Fernando Romboli and John-Patrick Smith defeated Federico Agustín Gómez and Santiago González in the final, 6–1, 6–4 to win the doubles tennis title at the 2025 U.S. Men's Clay Court Championships. It was the second ATP Tour doubles title for both players.

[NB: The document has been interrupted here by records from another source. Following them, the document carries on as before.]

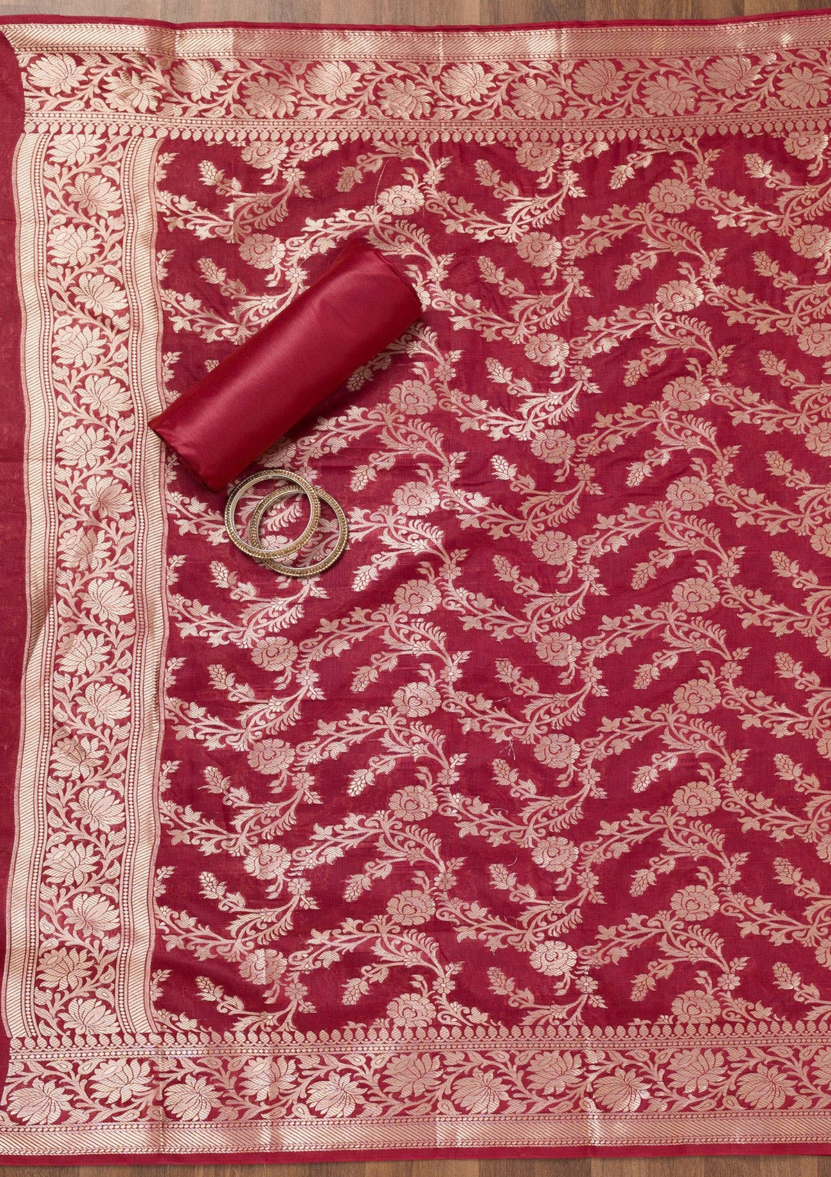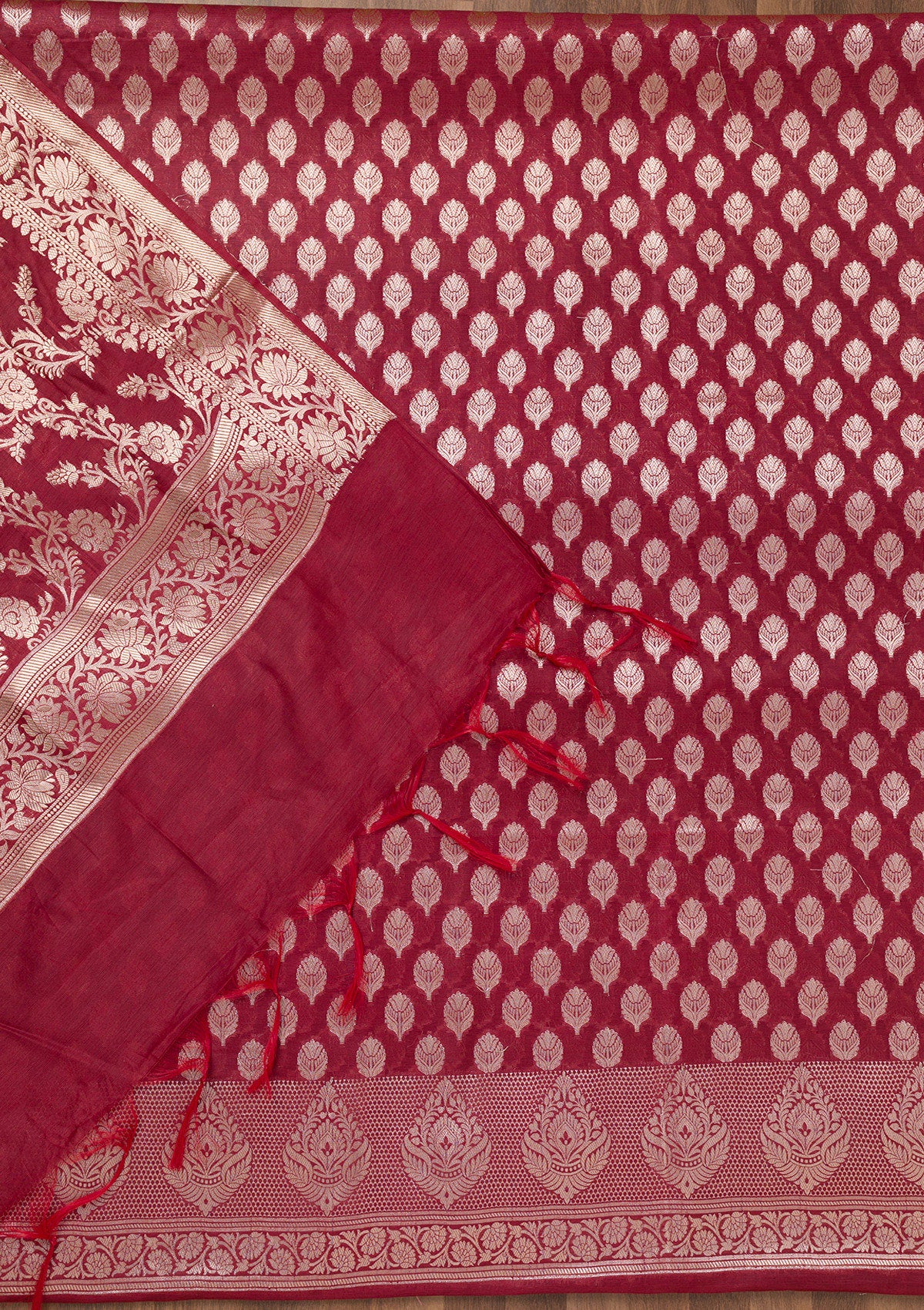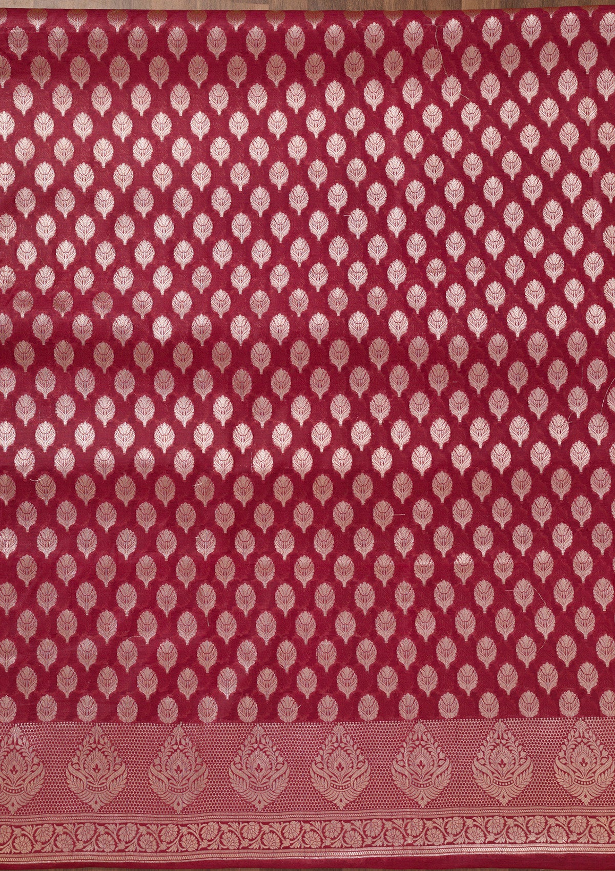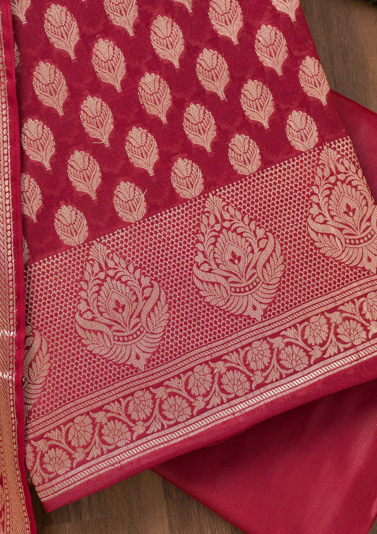 Maroon Salwar Suit in Banarasi fabric, embellished with Zariwork, accompanied by a bottom and dupatta, ensuring premium quality.
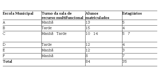 Na Tabela 1, a seguir, apresenta-se a relação de escolas regulares das séries iniciais do Ensino Fundamental que possuem sala de recurso multifuncional, bem como seus turnos de atendimento, o total de alunos matriculados no Atendimento Educacional Especializado da rede municipal de Campina Grande do Sul (PR) e a alocação dos acadêmicos para realização do estágio supervisionado. Cumpre informar que os nomes das escolas foram suprimidos, a fim de resguardar a identidade dos participantes do estudo.
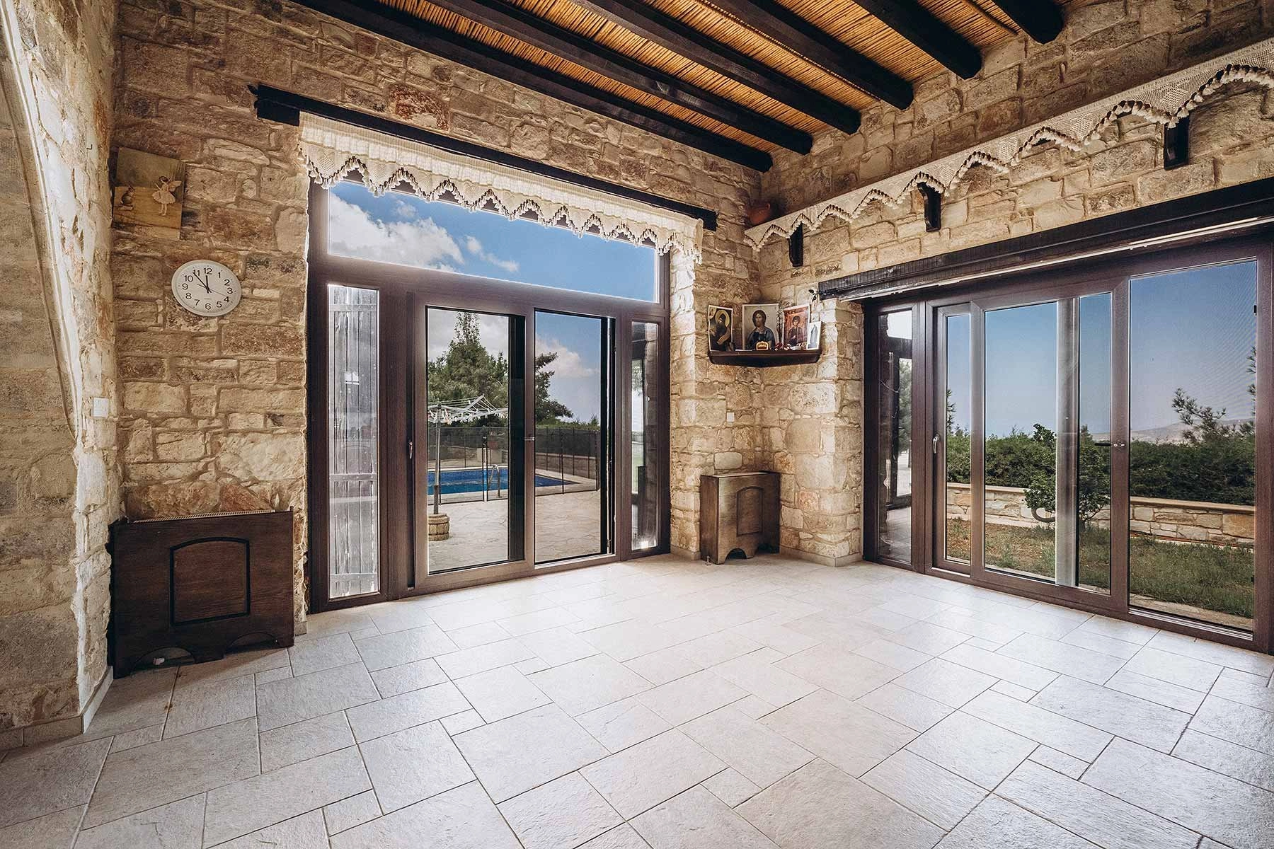 Designed as a single-level dwelling, this unique property has a total covered area of 330 sq.m. Stone clad walls, high wooden beamed ceilings, solid wood window shutters, stone fireplace, rustic furniture, and wardrobes, coupled with village style interior décor, produce an amazingly tranquil atmosphere.
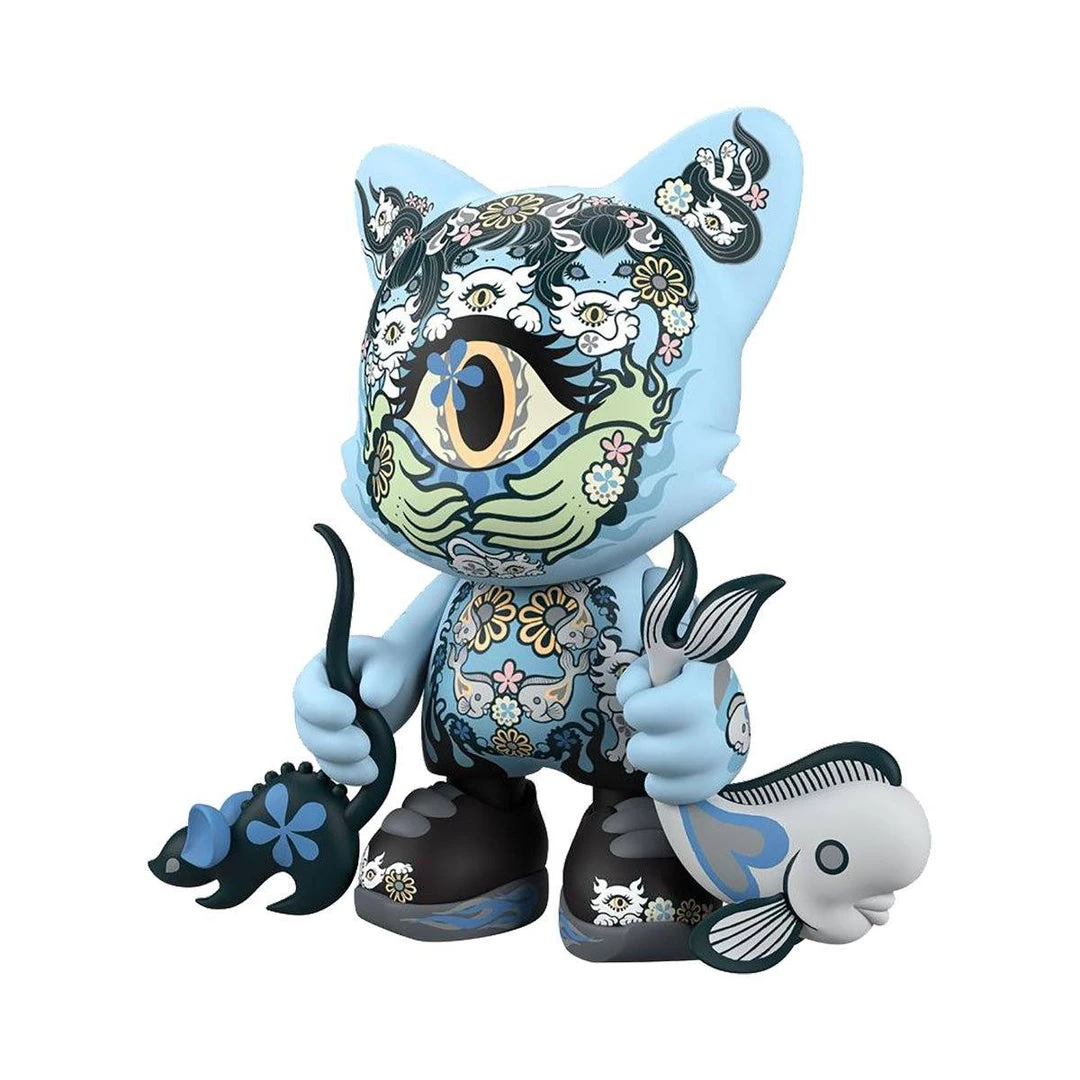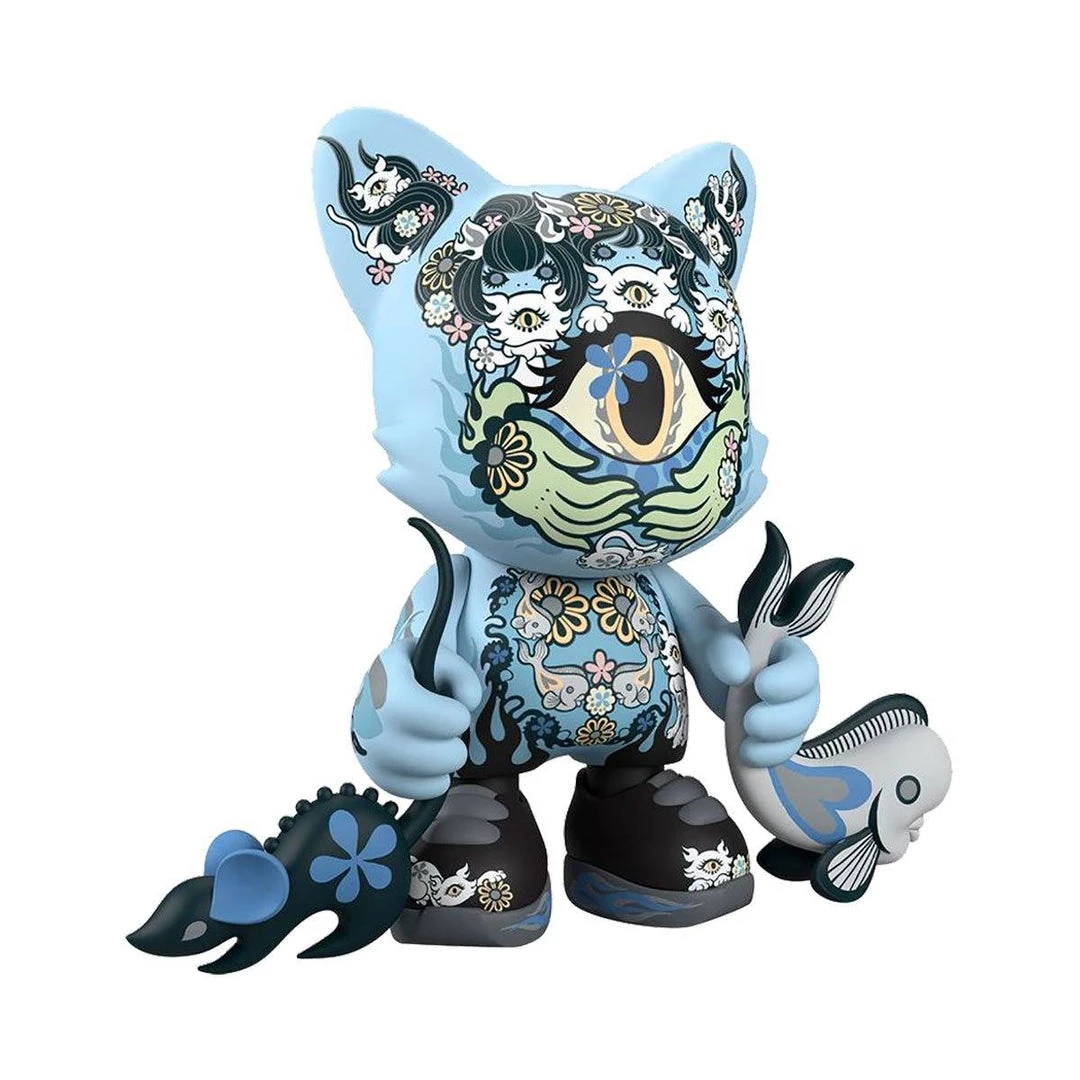 Legendary manga artist Junko Mizuno’s “Azure Ailurophile” SuperJanky is 8-inches of bewitchingly beautiful blue. The second colorway of the “Ailurophile” SuperJanky series will captivate cat comrades with her vivacious vinyl beauty. “Azure Ailurophile” comes with f**ked up fish & murderous mouse accessories, guaranteed to entice friendly felines.Â
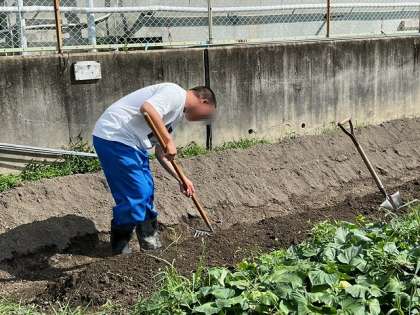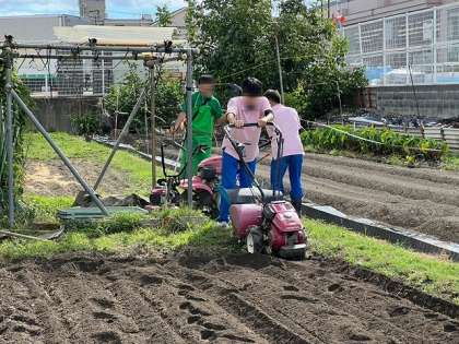今日は、七条農園での活動を紹介します。週3回程度、七条農園で作業をしています。耕運機を器用に操作して畑を耕したり、刈り払い機を使って除草作業をしたりしています。機械のメンテナンスも自分たちでしています。

Max Purcell and Jordan Thompson were the two-time reigning champions, but Purcell did not participate this year as he was serving a voluntary provisional suspension. Thompson partnered Rinky Hijikata, but they lost in the quarterfinals to Matthew Romios and Adam Walton.

==Seeds==

1. USA Robert Galloway / USA Jackson Withrow (semifinals)
2. USA Christian Harrison / USA Evan King (first round)
3. USA Austin Krajicek / USA Rajeev Ram (quarterfinals)
4. AUS Rinky Hijikata / AUS Jordan Thompson (quarterfinals)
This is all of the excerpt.